A :class:`Request` object represents an HTTP request, which is usually
generated in the Spider and executed by the Downloader, and thus generating
a :class:`Response`.
``url`` is a :class:`~scrapy.http.Response` object that will be used for
selecting and extracting data
XPathSelector Methods
---------------------
.. method:: XPathSelector.x(xpath)
Apply the given XPath relative to this XPathSelector and return a list
of :class:`XPathSelector` objects (ie. a :class:`XPathSelectorList`) with
the result.
``xpath`` is a string containing the XPath to apply
.. method:: XPathSelector.re(regex)
Apply the given regex and return a list of unicode strings with the
matches.
``regex`` can be either a compiled regular expression or a string which
will be compiled to a regular expression using ``re.compile(regex)``
.. method:: XPathSelector.extract()
Return a unicode string with the content of this :class:`XPathSelector`
object.
.. method:: XPathSelector.extract_unquoted()
Return a unicode string with the content of this :class:`XPathSelector`
without entities or CDATA. This method is intended to be use for text-only
selectors, like ``//h1/text()`` (but not ``//h1``). If it's used for
:class:`XPathSelector` objects which don't select a textual content (ie. if
they contain tags), the output of this method is undefined.
.. method:: XPathSelector.register_namespace(prefix, uri)
Register the given namespace to be used in this :class:`XPathSelector`.
Without registering namespaces you can't select or extract data from
non-standard namespaces. See examples below.
.. method:: XPathSelector.__nonzero__()
Returns ``True`` if there is any real content selected by this
:class:`XPathSelector` or ``False`` otherwise. In other words, the boolean
value of an XPathSelector is given by the contents it selects.
XPathSelectorList objects
=========================
.. class:: XPathSelectorList
The :class:`XPathSelectorList` class is subclass of the builtin ``list``
class, which provides a few additional methods.
XPathSelectorList Methods
-------------------------
.. method:: XPathSelectorList.x(xpath)
Call the :meth:`XPathSelector.re` method for all :class:`XPathSelector`
objects in this list and return their results flattened, as new
:class:`XPathSelectorList`.
``xpath`` is the same argument as the one in :meth:`XPathSelector.x`
.. method:: XPathSelector.re(regex)
Call the :meth:`XPathSelector.re` method for all :class:`XPathSelector`
objects in this list and return their results flattened, as a list of
unicode strings.
``regex`` is the same argument as the one in :meth:`XPathSelector.re`
.. method:: XPathSelector.extract()
Call the :meth:`XPathSelector.re` method for all :class:`XPathSelector`
objects in this list and return their results flattened, as a list of
unicode strings.
.. method:: XPathSelector.extract_unquoted()
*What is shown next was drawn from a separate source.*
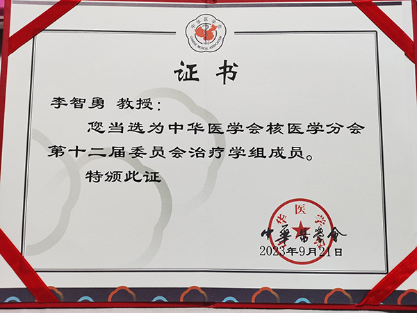 徐醫(yī)附院李智勇主任醫(yī)師當(dāng)選中華醫(yī)學(xué)會(huì)核醫(yī)學(xué)分會(huì)第十二屆委員會(huì)治療學(xué)組成員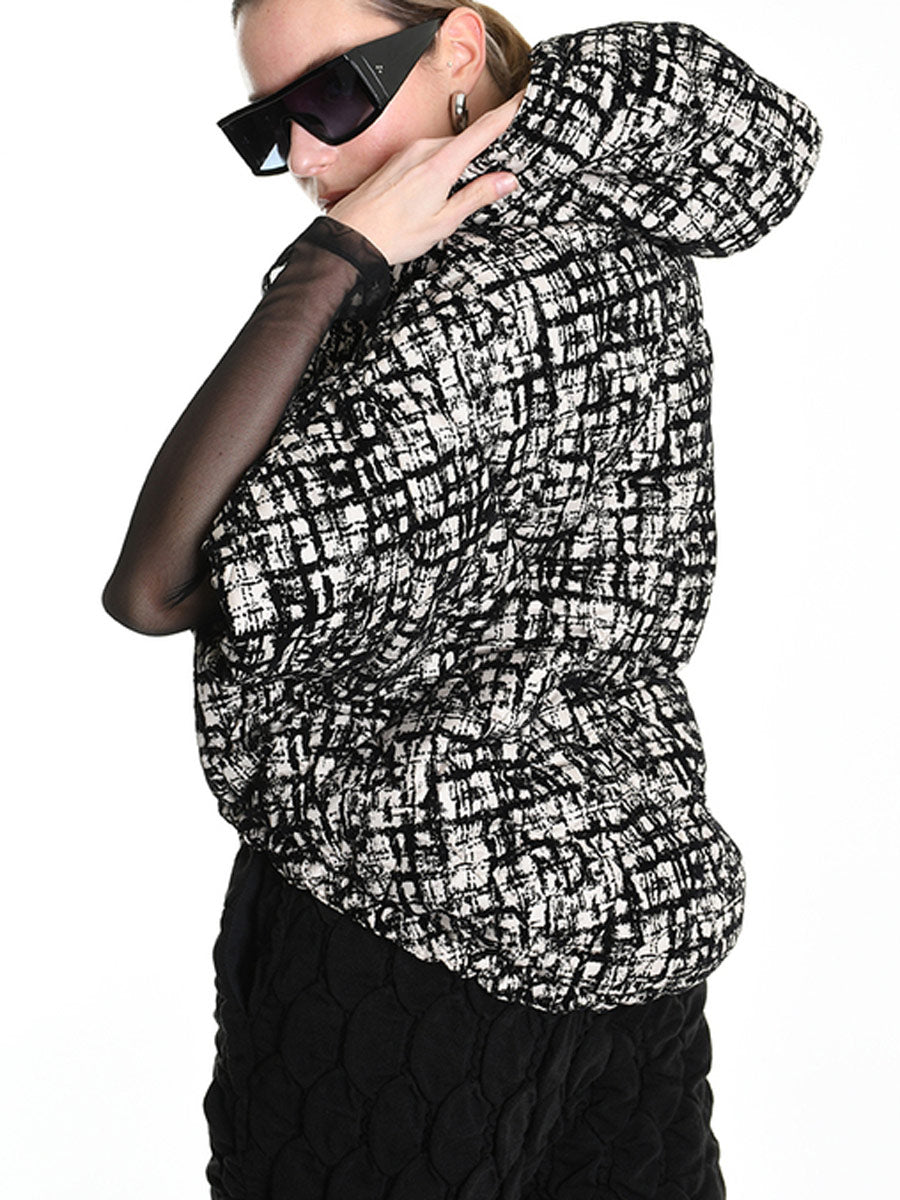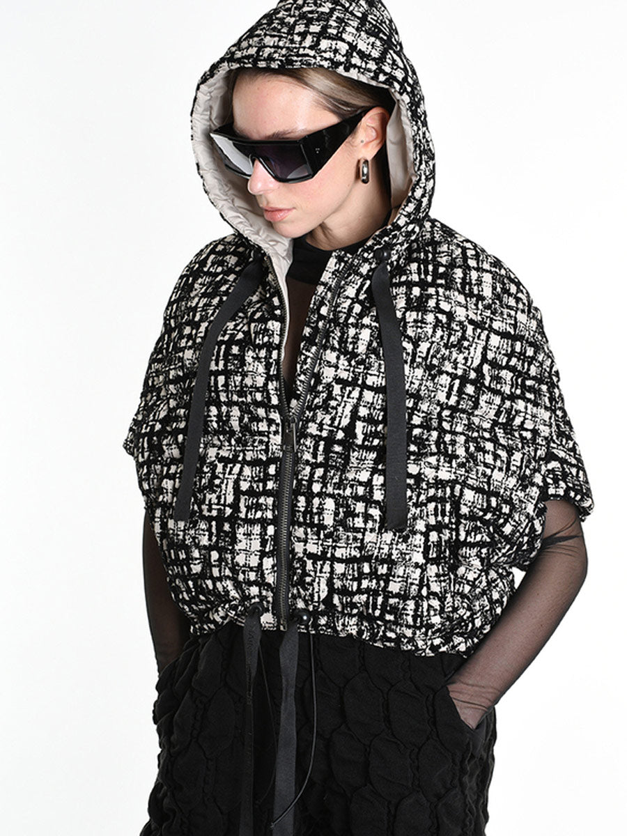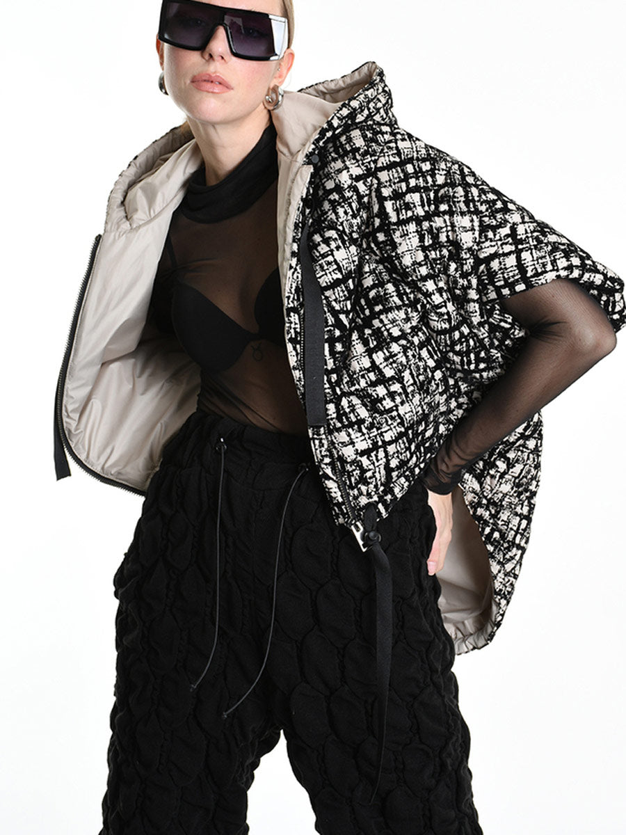 Bold black and cream patterned, quilted, cape jacket with hood

Call the :meth:`XPathSelector.extract_unoquoted` method for all
:class:`XPathSelector` objects in this list and return their results
flattened, as a list of unicode strings. This method should not be applied
to all kinds of XPathSelectors. For more info see
:meth:`XPathSelector.extract_unoquoted`.
HtmlXPathSelector objects
=========================
.. class:: HtmlXPathSelector(response)
A subclass of :class:`XPathSelector` for working with HTML content. It uses
the `libxml2`_ HTML parser. See the :class:`XPathSelector` API for more info.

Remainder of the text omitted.